Разница между потенциальным и реальным положением угнетает нищенствующего капитана, который осознает как свое ничтожество, так и свою статочность. Поистине: его уже невозможно унизить, потому что ниже некуда - ниже только ад, смерть, небытие, но его еще невозможно раздавить, растереть, уничтожить, потому что он - "поэт в душе". Казалось бы, такое сочетание низменного настоящего и возвышенного возможного соответствует пушкинской концепции творца:

Пока не требует поэта
К священной жертве Аполлон,
В заботах суетного света
Он малодушно погружен;
Молчит его святая лира,
Душа вкушает хладный сон,
И меж детей ничтожных мира,
Быть может, всех ничтожней он.

("Поэт").

Поэт оправдывает здесь ничтожество своего греховного существования святостью грядущего творчества, когда "божественный глагол до слуха чуткого коснется". Иное дело Лебядкин, который хоть и "поэт в душе", но душа его поражена сомнениями, испещрена картезианскими червоточинами, живет на черте безбожия, не верит в аполлонический призыв к священной жертве, да никто и не требует ее принести, ибо жертва приносится Богу, а Бога, говорят ему, нет. "Если нет Бога, то какой же я капитан?" - недоумевает Лебядкин, и наполовину прав, поскольку сам отставлен от службы, как Бог отставлен от бытия в современном рационалистическом сознании. "Я раб, я червь, - признается Лебядкин, - но не бог, тем только и отличаюсь от Державина". Гавриил Державин в философической оде "Бог" действительно утверждает согласную антиномию Я как такового: "Я царь - я раб - я червь - я бог!". Но лебядкинское отличие представляется принципиальным: этот "поэт" почти готов отказаться от божественного творческого начала в душе, тем самым уничижая и низвергая ее.

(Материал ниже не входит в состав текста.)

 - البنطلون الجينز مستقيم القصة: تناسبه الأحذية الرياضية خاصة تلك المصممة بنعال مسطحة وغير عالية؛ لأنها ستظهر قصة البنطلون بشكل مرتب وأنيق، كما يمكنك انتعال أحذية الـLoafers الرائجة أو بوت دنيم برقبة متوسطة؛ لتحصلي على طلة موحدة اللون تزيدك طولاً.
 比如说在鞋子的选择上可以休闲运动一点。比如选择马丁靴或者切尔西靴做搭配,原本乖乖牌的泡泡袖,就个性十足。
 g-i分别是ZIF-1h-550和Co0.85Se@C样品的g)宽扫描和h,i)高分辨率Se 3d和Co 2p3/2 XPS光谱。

Отставной капитан не случайно цитирует Державина, для которого символом поэзии, символом света, символом красоты является лебедь - неизменный спутник лучезарного бога Аполлона:

Необычайным я пареньем
От тленна мира отделюсь,
С душой бессмертною и пеньем,
Как лебедь, в воздух поднимусь…

Не заключит меня гробница,
Средь звезд не превращусь я в прах;
Но, будто некая цевница,
С небес раздамся в голосах.

("Лебедь").

Фамилия Лебядкин производится Достоевским от небесного державинского лебедя, но производится в умаляющем, приземленном смысле: это Лебядкин, а не лебедь, поэт, а не Поэт, червь, а не бог. Как будто по народной пословице: "лебедь по поднебесью, мотылек над землею, всякому свой путь". И вправду, отставной капитан отнюдь не вдохновлен необычайным лебединым парением - его поэзия порхает над землей:

И порхает звезда на коне
В хороводе других амазонок.

Порхающая звезда, порхающий мотылек, порхающая поэзия - вот предельная высота лебядкинской души, сомневающейся в Творце и приявшей ничтожество, как полагается упомянутому таракану.

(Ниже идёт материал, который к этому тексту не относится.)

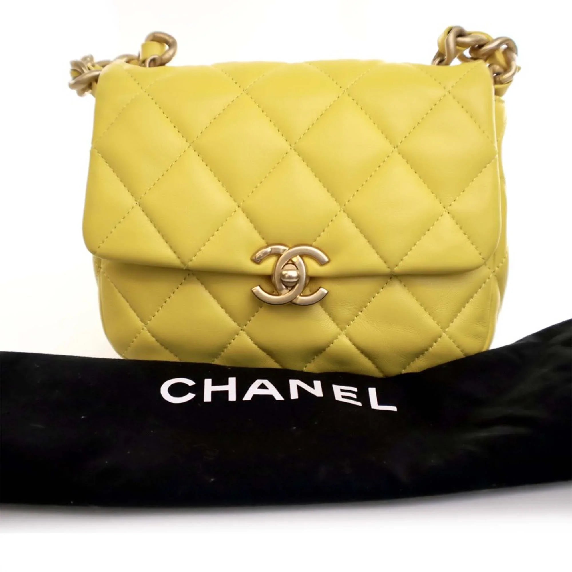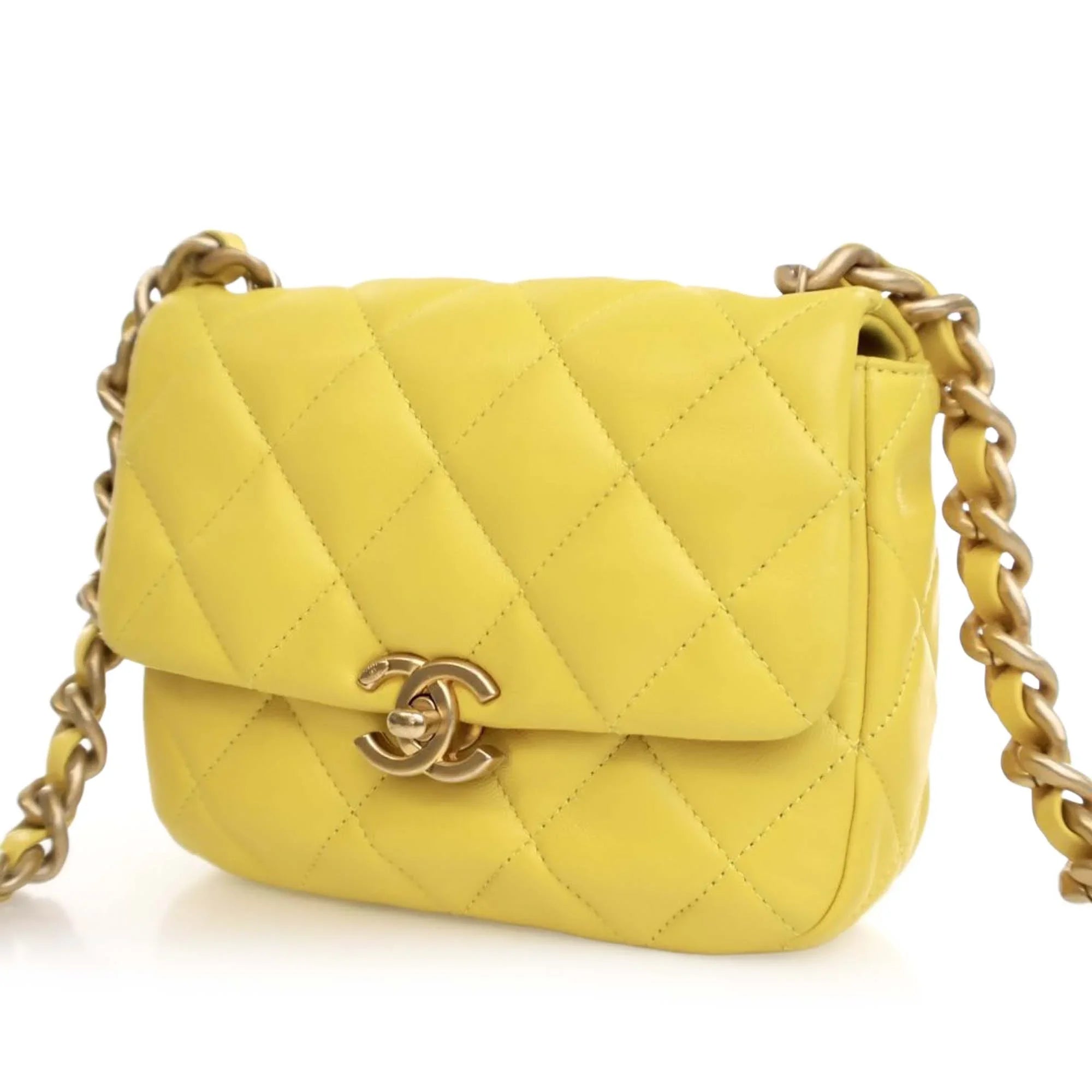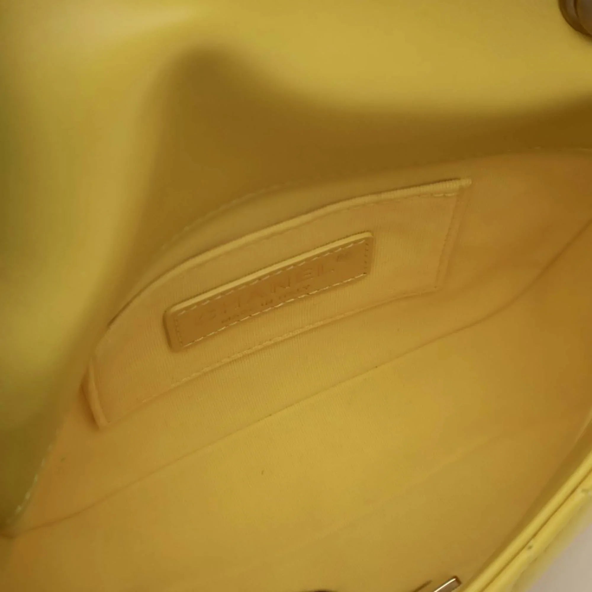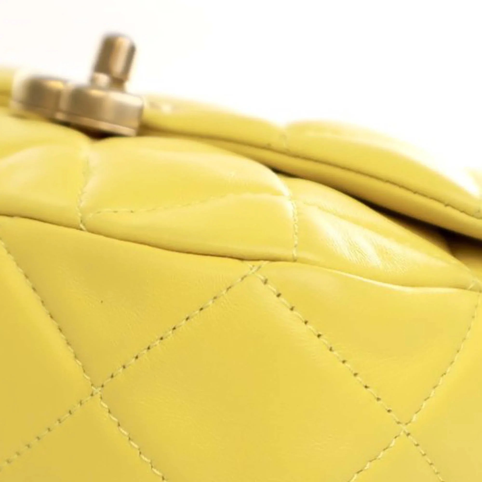 Product Details: Yellow Chanel Mini Quilted Lambskin Candy Chain Flap Crossbody Bag. This flap features a quilted lambskin leather body, a leather woven lacquered chain strap, a front flap with twist lock closure, and an interior slip pocket. 5.5" L x 7.5" W x 2" D.

В литературе о "Бесах" не раз указывалось, что Достоевский в пьесе "Таракан" будто бы пародирует стихи малоизвестного поэта Ивана Мятлева:

Таракан
Как в стакан
Попадет -
Пропадет;
На стекло
Тяжело
Не вползет.
Так и я…

("Фантастическая высказка").

Странно, что писатель пародирует произведение, созданное еще в 1833 году - почти за четыре десятилетия до написания романа. Ведь в данном случае пародия теряет свою злободневность, ибо никого не высмеивает, ничего не выворачивает наизнанку, не обнажает второй, принижающий смысл. Это значит, что Достоевский никоим образом не пародирует, а творчески переосмысливает и перерабатывает мятлевские стихи, ироничные сами по себе, поскольку в них содержится глубоко волнующая его идея.

Эта идея, заключенная в метафорическом сопоставлении таракана и человека, неотвратимо приближает нас к той жуткой, роковой черте, за которой бледный облик таракана и бледный облик человека сливаются воедино, образуя чудовищный фантастический образ "тараканочеловека". Антропоинсектическая идея, обозначенная легким поэтическим пером, поражает воображение Достоевского и обретает в его творчестве иной размах, иную глубину.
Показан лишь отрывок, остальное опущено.